2 files changed, 204 insertions, 164 deletions

diff --git a/src/argaze/ArScene.py b/src/argaze/ArScene.py
index f1cba12..3702c6b 100644
--- a/src/argaze/ArScene.py
+++ b/src/argaze/ArScene.py
@@ -57,6 +57,15 @@ class ArScene():
 	aoi_scene: AOI3DScene.AOI3DScene = field(init=False, default_factory=AOI3DScene.AOI3DScene)
 	"""AOI 3D scene ..."""
 
+	angle_tolerance: float
+	"""Angle error tolerance allowed to validate marker pose in degree."""
+
+	distance_tolerance: float
+	"""Distance error tolerance allowed to validate marker pose in centimeter."""
+
+	aruco_axis: dict
+	"""Dictionary of orthogonal axis where each axis is defined by list of 3 markers identifier (first is origin)."""
+
 	def __init__(self, **kwargs):
 
 		self.aruco_dictionary = ArUcoMarkersDictionary.ArUcoMarkersDictionary(kwargs.pop('aruco_dictionary'))
@@ -67,15 +76,15 @@ class ArScene():
 
 		self.aruco_tracker = ArUcoTracker.ArUcoTracker(self.aruco_dictionary, self.aruco_marker_size, self.aruco_camera, **kwargs.pop('aruco_tracker'))
 
-		# Check aruco_scene.places value type
-		aruco_scene_places_value = kwargs['aruco_scene']['places']
+		# Check aruco_scene value type
+		aruco_scene_value = kwargs.pop('aruco_scene')
 
 		# str: relative path to .obj file
-		if type(aruco_scene_places_value) == str:
+		if type(aruco_scene_value) == str:
 
-			kwargs['aruco_scene']['places'] = os.path.join(self.__current_directory, aruco_scene_places_value)
+			aruco_scene_value = os.path.join(self.__current_directory, aruco_scene_value)
 
-		self.aruco_scene = ArUcoScene.ArUcoScene(self.aruco_dictionary, self.aruco_marker_size, **kwargs.pop('aruco_scene'))
+		self.aruco_scene = ArUcoScene.ArUcoScene(self.aruco_dictionary, self.aruco_marker_size, aruco_scene_value)
 
 		# Check aoi_scene value type
 		aoi_scene_value = kwargs.pop('aoi_scene')
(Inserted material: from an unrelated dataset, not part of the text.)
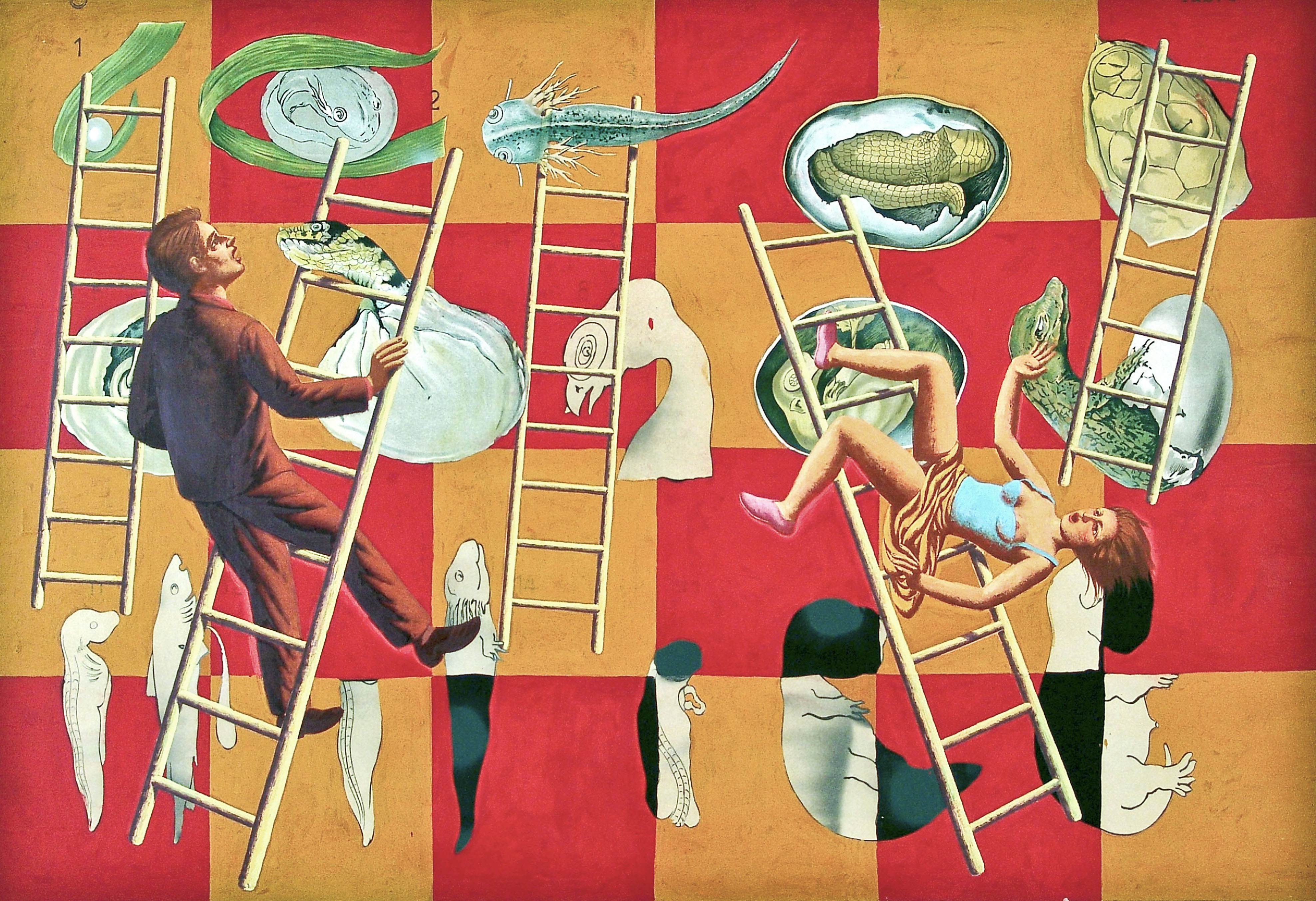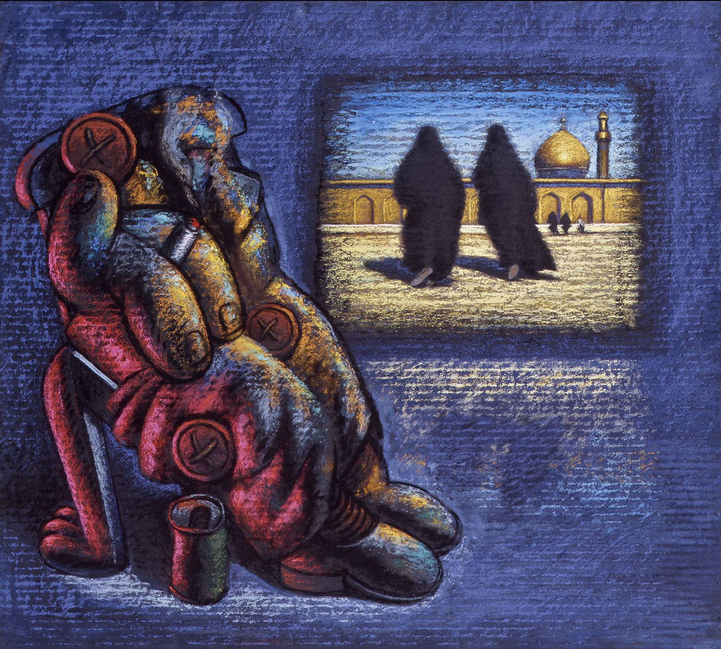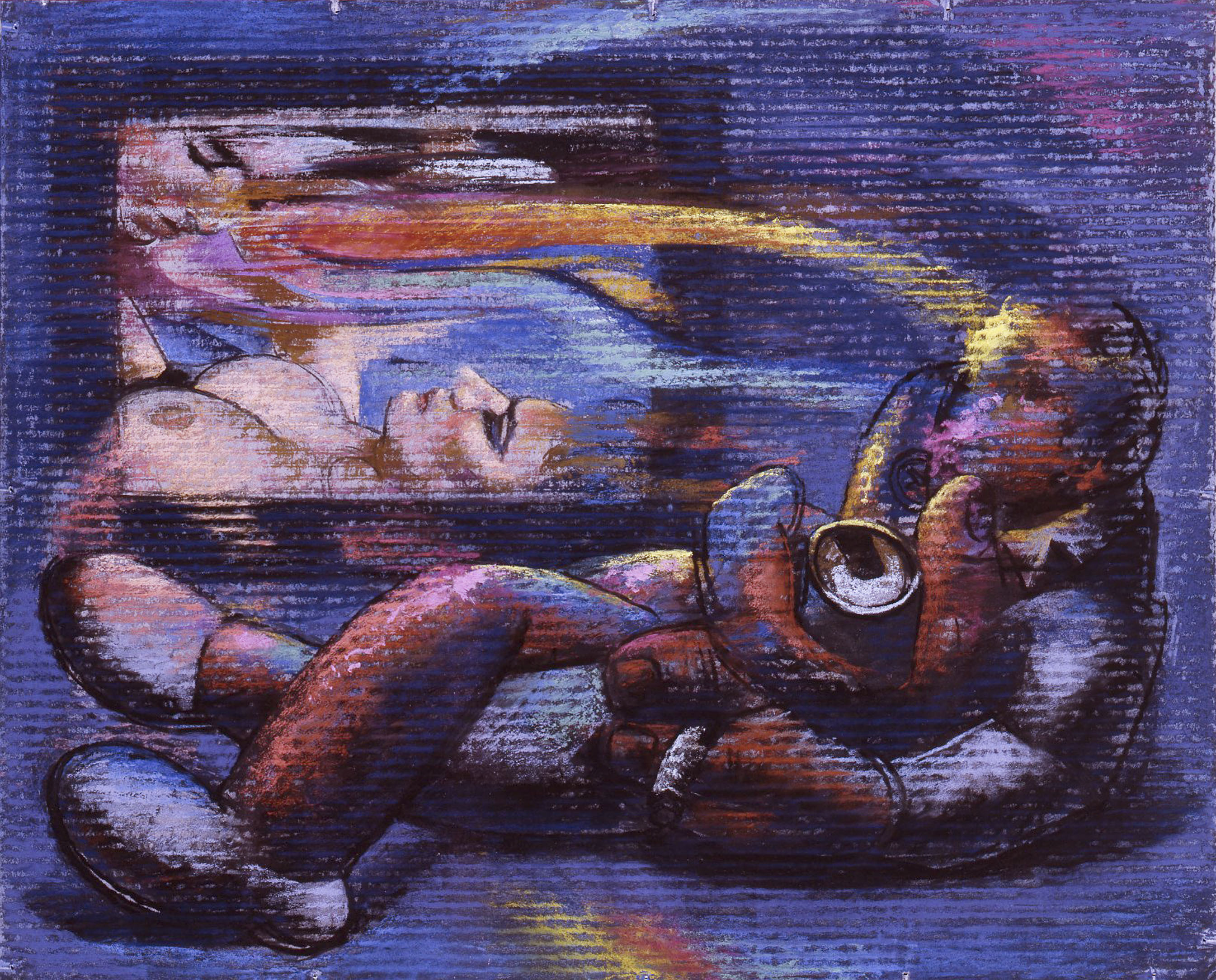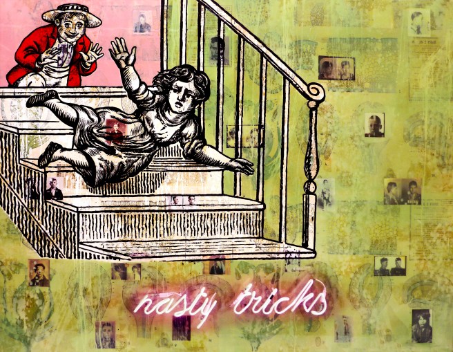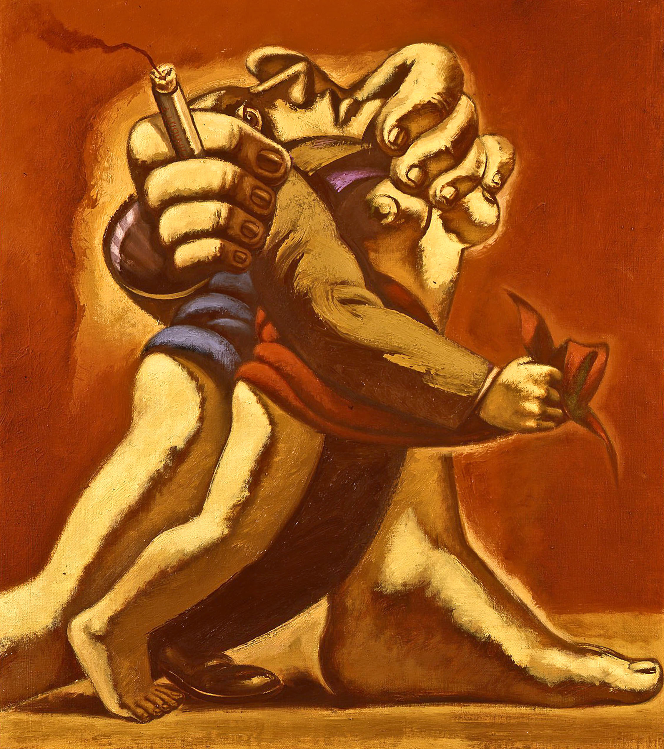 Title. ‘Twins‘ 2004 casein, and mixed media, paper mounted on canvas,46×63.5 inches

@@ -90,8 +99,32 @@ class ArScene():
 		else:
 			self.aoi_scene = AOI3DScene.AOI3DScene(aoi_scene_value)
 
+		# TODO : allow to define AOI using marker corner position
+		'''
+    	"aruco_aoi": {
+        	"Screen": [[4, 3], [5, 2], [6, 1], [7, 0]] # [[MARKER_ID, MARKER_CORNER_ID], ...]
+    	}
+		'''
+
+		# Init axis markers
+		self.aruco_axis = {}
+
+		# Update all attributes from arguments
 		self.__dict__.update(kwargs)
 
+		# Convert axis markers identifier into ARUCO_DICT_NAME#ID string
+		aruco_axis_string = {}
+		for axis_name, markers_id in self.aruco_axis.items():
+
+			# Estimate pose from axis markers
+			aruco_axis_names = []
+			for marker_id in markers_id:
+				aruco_axis_names.append(f'{self.aruco_dictionary.name}#{marker_id}')
+
+			aruco_axis_string[axis_name] = aruco_axis_names
+
+		self.aruco_axis = aruco_axis_string
+
 	@classmethod
 	def from_json(self, json_filepath: str) -> ArSceneType:
 		"""Load ArGaze project from .json file."""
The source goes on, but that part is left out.